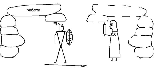 Рис. 29. Инверсия мира мужчины. В условиях безопасной внешней среды и доминирования женщины работа становится тылом, а дом – фронтом.
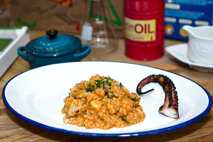 Receta de arroz meloso con pulpo seco, pescado y algas salicornia, un plato con mucha profundidad y sabor a mar.
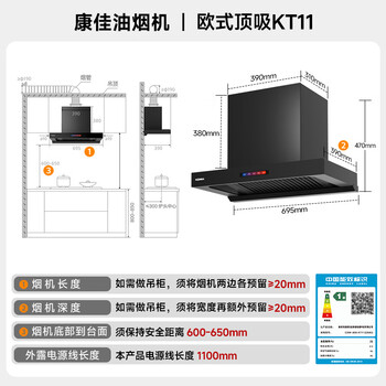 康佳(KONKA)抽油烟机家用欧式顶吸 25立方大吸力小尺寸小户型出租房公寓换新 智控自净清洗CXW-300-KT11(DE60)
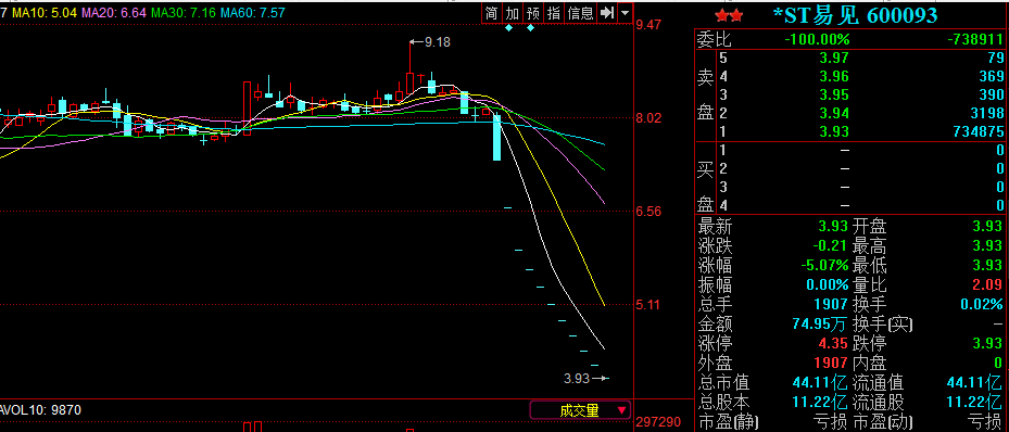 央廣網(wǎng)昆明7月17日消息(記者馬智波)7月16日,*ST易見(曾用名:易見股份)迎來復(fù)牌后第八個跌停,跌幅為5.07%。易見股份在4月30日停牌,停牌前連續(xù)三個交易日跌停,跌幅10%。從復(fù)牌前到現(xiàn)在,已經(jīng)連續(xù)11個跌停,以4月27日收盤價8.13計算,其股價跌幅已經(jīng)達到51.6%。
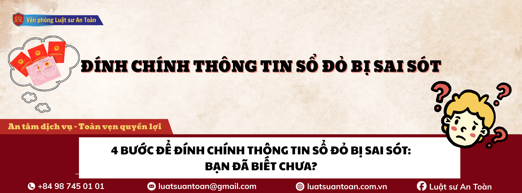 Căn cứ theo Khoản 1, Điều 152 của Luật Đất đai thì cơ quan có thẩm quyền cấp giấy chứng nhận có trách nhiệm đính chính sổ đỏ đã cấp, nếu có sai sót thông tin của người được cấp, sai sót về thửa đất, về tài sản gắn liền với đất so với hồ sơ kê khai đăng ký. Theo hướng dẫn của Bộ Nông nghiệp và Môi trường, quy trình đính chính sổ đổ gồm 4 bước (Áp dụng cho cả 3 trường hợp phái hiện sai sót thông tin gồm:

■ **Problem**
Restate word for word the lines running from the first line of the material to the line containing "Receta de arroz", inclusive, and drop every picture.

■ **Exercise solution**
 Рис. 29. Инверсия мира мужчины. В условиях безопасной внешней среды и доминирования женщины работа становится тылом, а дом – фронтом.
 Receta de arroz meloso con pulpo seco, pescado y algas salicornia, un plato con mucha profundidad y sabor a mar.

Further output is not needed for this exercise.